New York, N.Y., May 12--The Harvard Advocate announced definite plans at the anniversary dinner in New York Saturday night, for a new house in the Mt. Auburn Street district which will fit directly into the House Plan of the University. Actual construction will begin early next month, and the building will be ready for occupancy next fall.
The structure will be in the Georgian style, according to the announcement of Robeson Bailey '29, retiring president of the Advocate, and it will be in harmony with the general architecture of the University. A plaque of the Advocate Pegasus done by Frederick Allen, the well-known sculptor who did the five pediments of the New York Country Courthouse, was exhibited at the dinner. The new sanctum will be designed to accord with this reinterpretation of the Advocate symbol.
Fully Two Hundred Attend
One hundred and fifty former graduate editors and the entire undergraduate board were present at the dinner, which launched the drive for the new building. Hoffman Nickerson '11 acted as host at the Union Club, the occasion being the sixty-third anniversary of the founding of the Advocate.

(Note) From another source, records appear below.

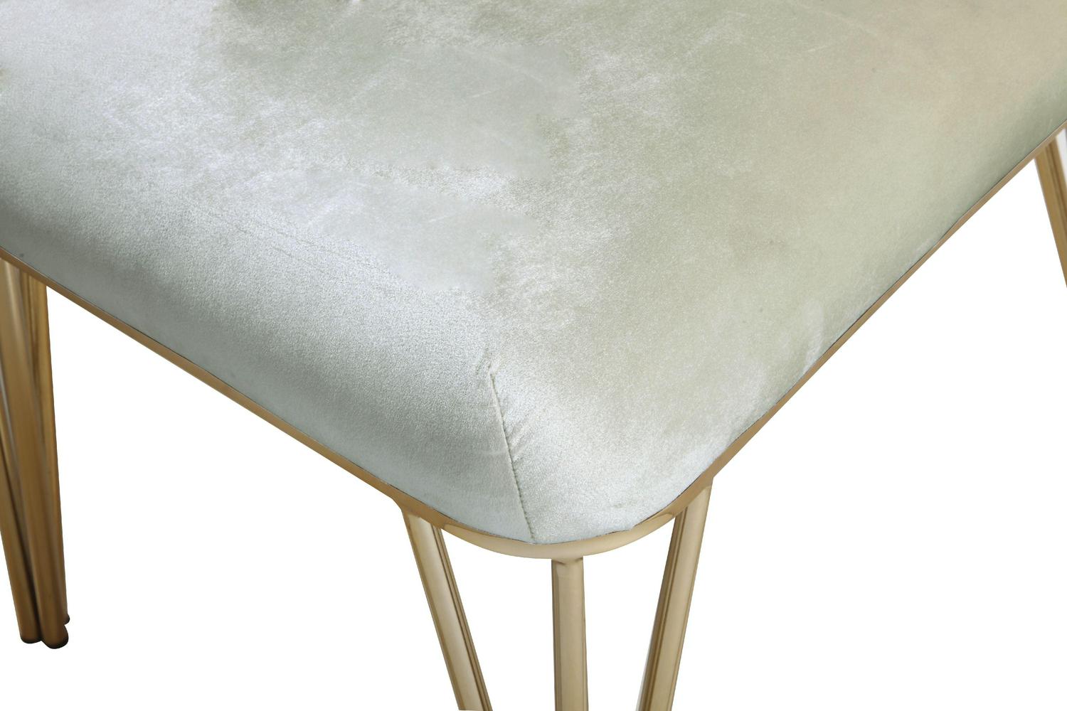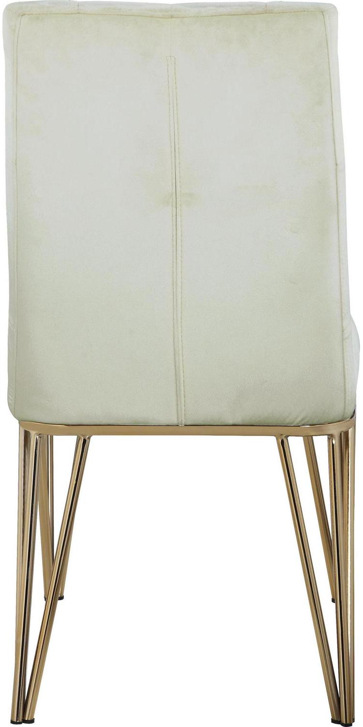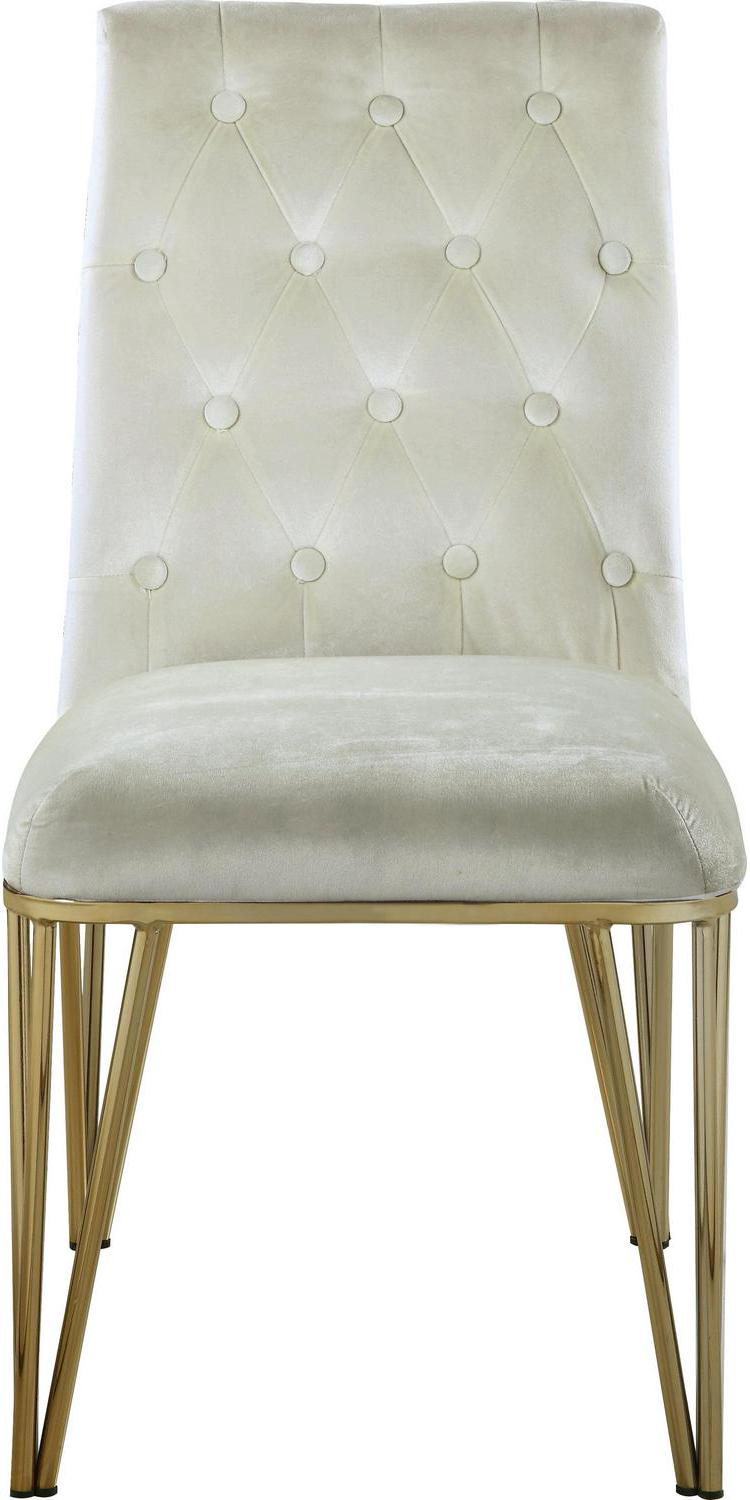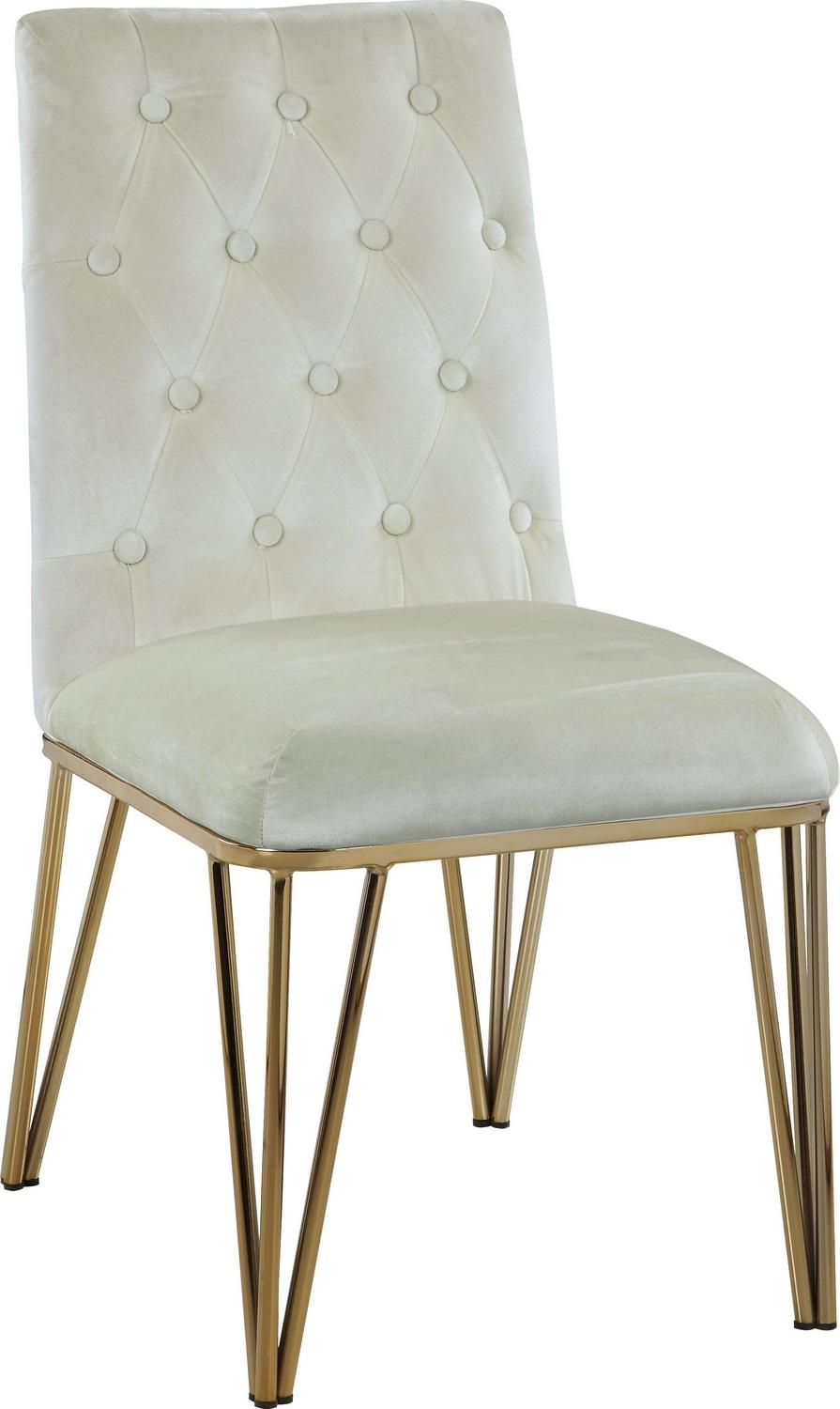 Clean lines define the unobtrusive, yet statement – making this dining chair. A button tufted, plush velvet back and seat sit a striking, gold tone solid metal base with spindle legs. Use in multiples in your dining room area.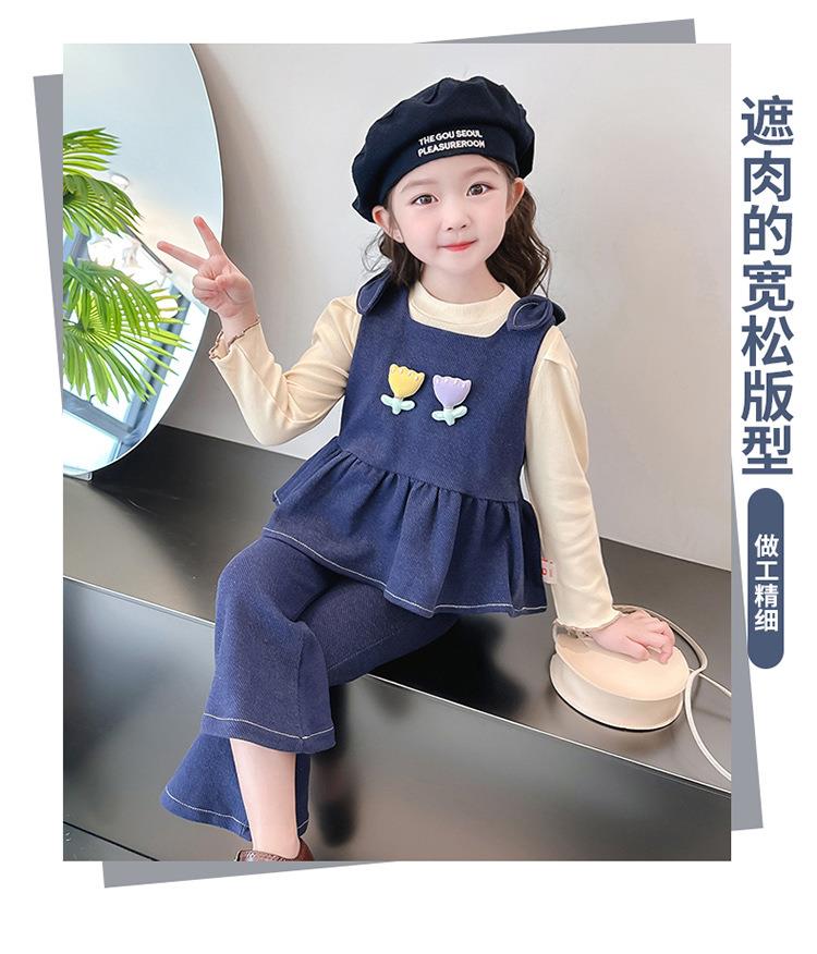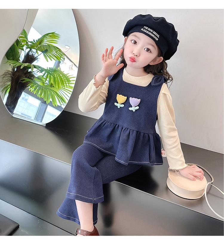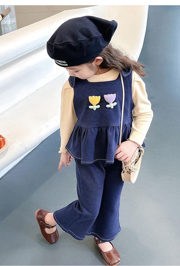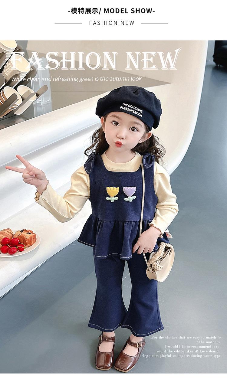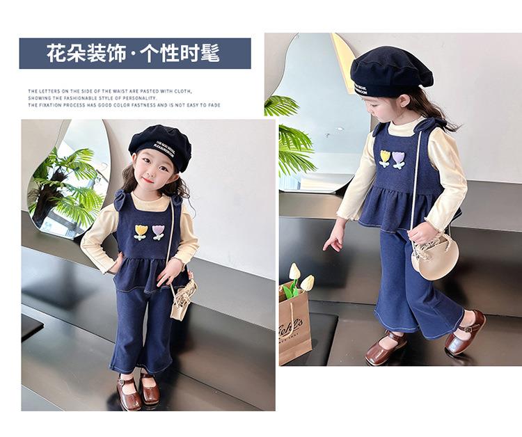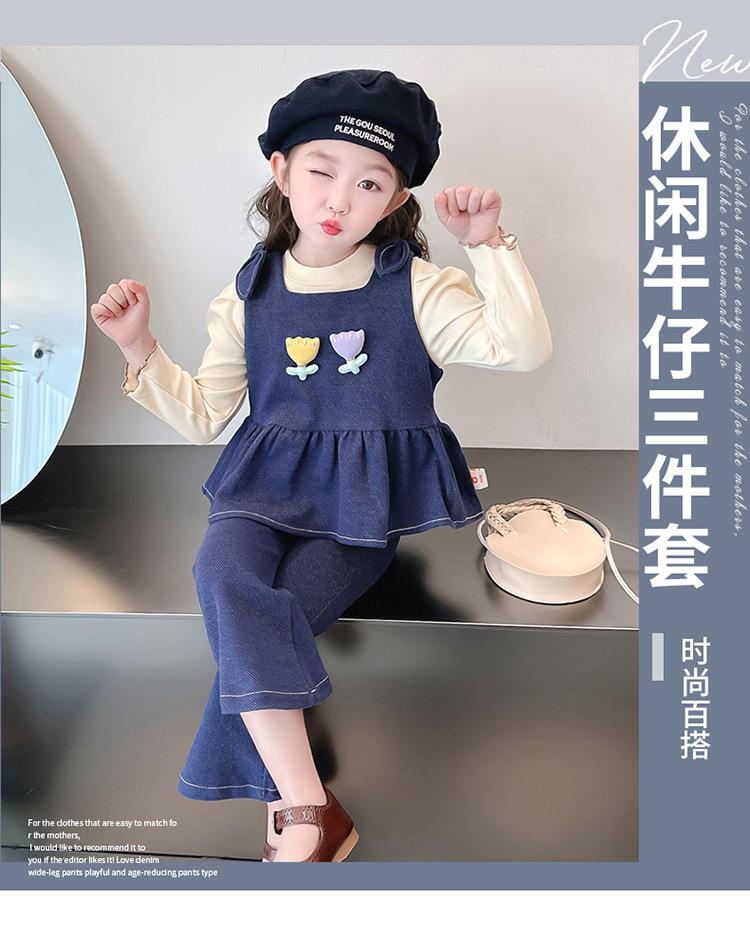 女童花朵牛仔三件套2024春季新款韩版微喇阔腿裤套装童装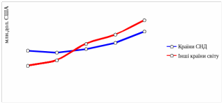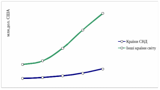 Обсяги імпорту за п’ять років також звеличилися (додатки 1 – 5 та рис. 3.4). Маємо по СНД ріст із 295,6 млн.дол. США у 2002 році до 702,3 млн.дол.США, тобто темп росту 237,6%. По іншим країнам рост із 896,0 млн.дол. у 2002 році до 3110,1 млн.дол. у 2006 році, тобто темп росту 347,1%. (данні на основі даних додатку 1 [34])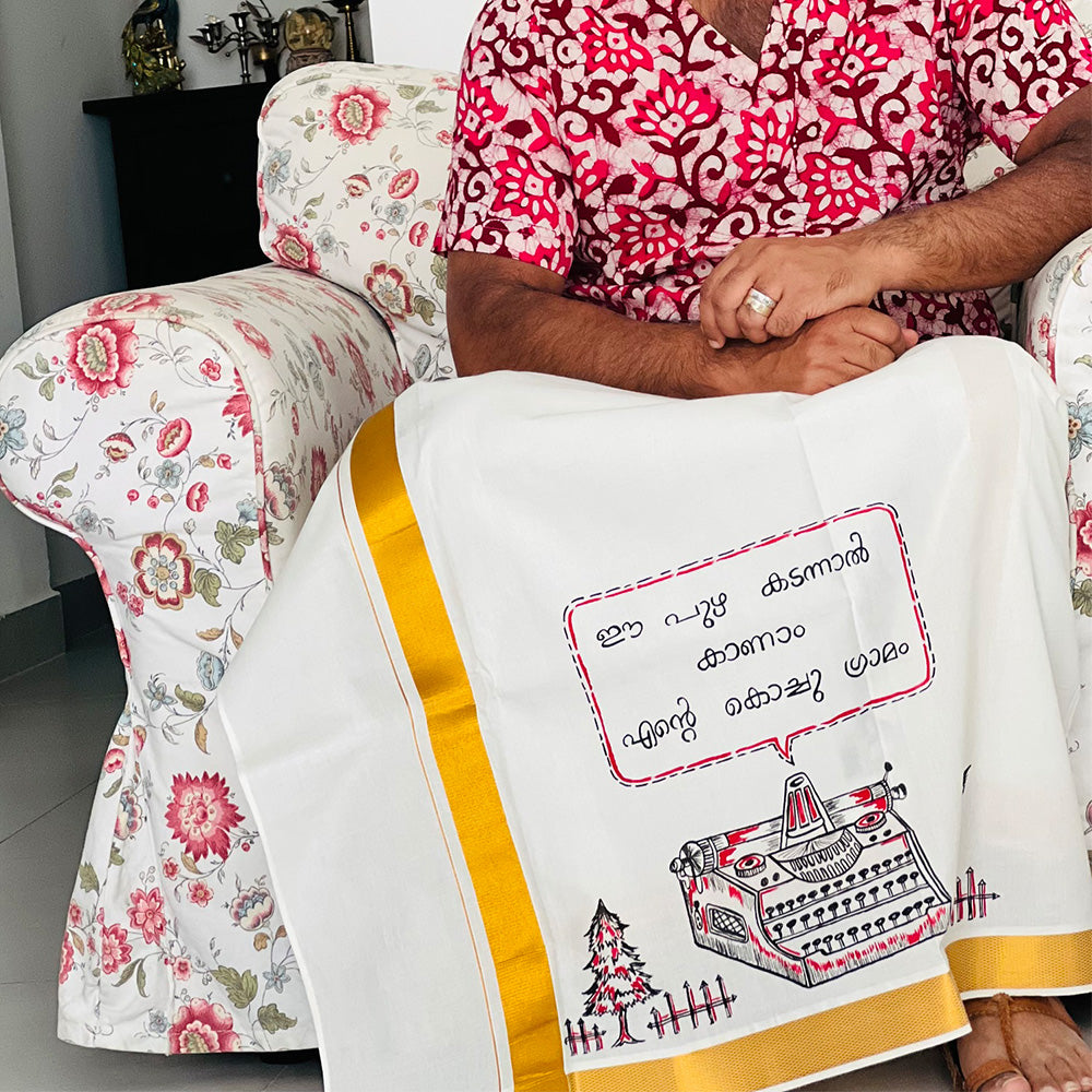 "Ee puzha kadnnaal kaanaam" Design Dhoti/ Mundu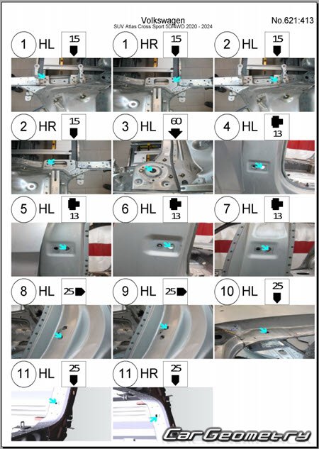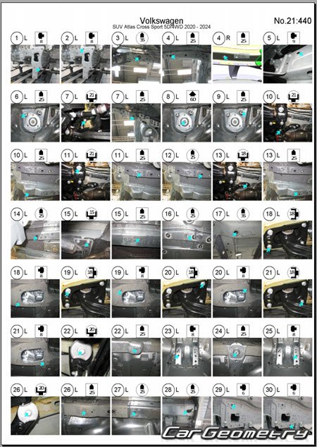 Кузовные размеры Volkswagen Atlas Cross Sport 2020-2024 для проверки и восстановления геометрии кузова с колесной базой 2979 мм. С помощью этих данных осуществляется проверка геометрии кузова, с последующей рихтовкой поврежденных частей Фольксваген Атлас Кросс Спорт.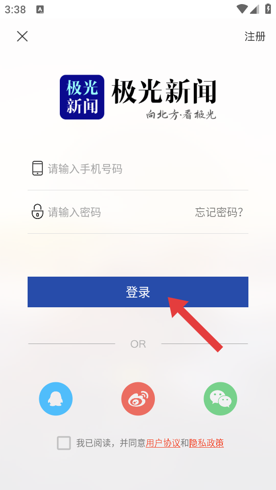 1、下載極光新聞app后打開(kāi)app,進(jìn)入極光新聞app的首頁(yè)查看了解新鮮事,在使用前可以選擇先登入賬號(hào)。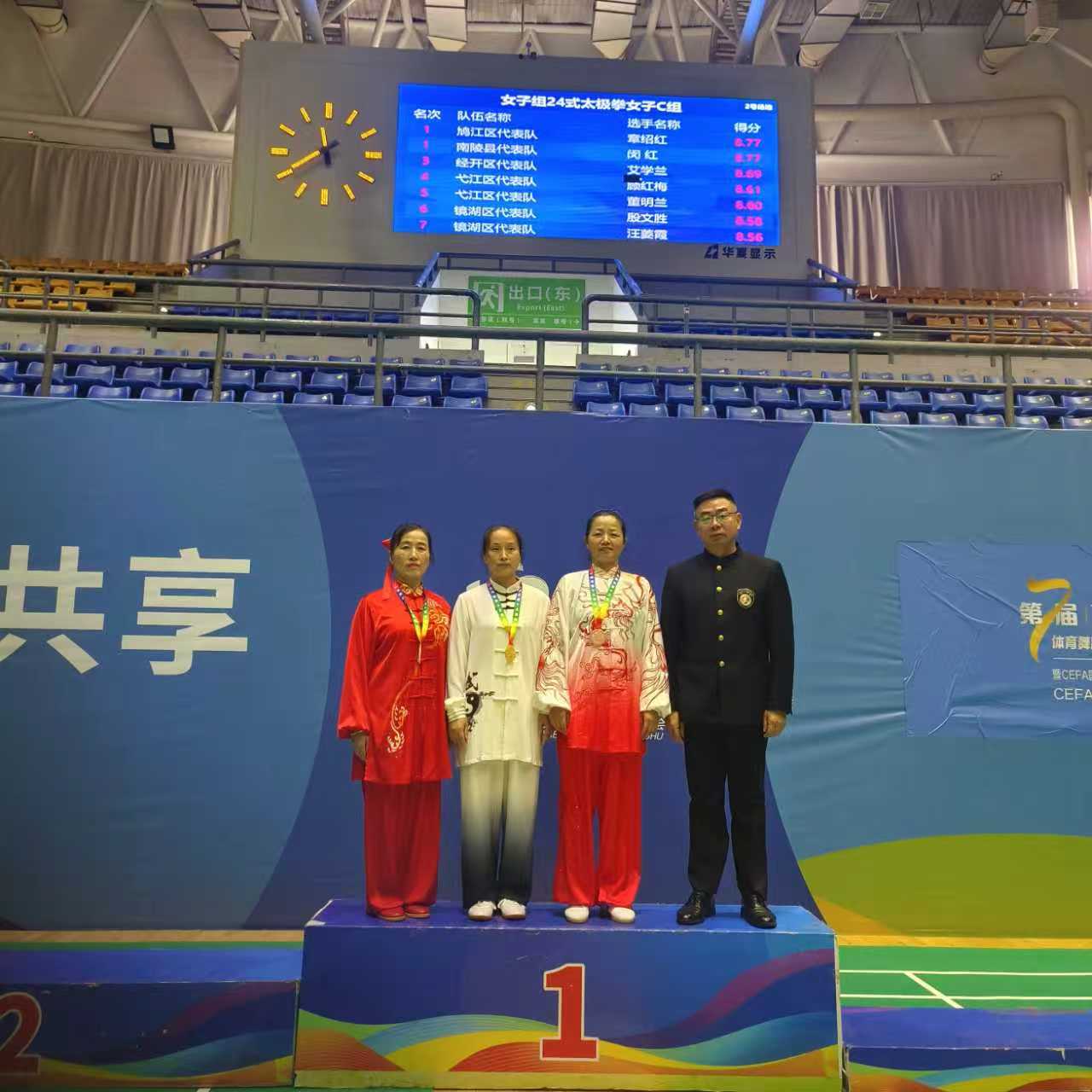 其中,女子组陈式太极拳项目尚小妹技压群芳,勇夺桂冠,吴亚琼、高昌秀、谢春桃分获第四、第六和第七名;男子C组陈式太极拳阎玉财发挥稳定,一举夺魁;器械项目女子陈式49剑高昌秀、吴亚琼、谢春桃包揽第二、第三和第五名;男子C组陈式49剑项目阎玉财再下一城,获得第三名。尚小妹还在女子C组春秋大刀项目中与队友默契配合,斩获了对练项目第一名。由吴亚琼等队员组成的繁昌区代表队勇夺集体第一名!

Richard Washburn Child '03, recent ambassador to Italy and a former president of the Advocate board, and Thomas Williams Slocum '90, presidents of the Harvard Club of New York City, were the principal speakers, together with Julian Street, noted author, and B.A. De Voto '18. Nickerson acted as toastmaster.
Slocum, the first speaker, spoke on how the proposed Advocate building would fit into the House Plan of the University. Child discussed the importance of a literary organization as a center of intellectual activity in the life of the University, and how this would inevitably redound to the benefit of the University at large.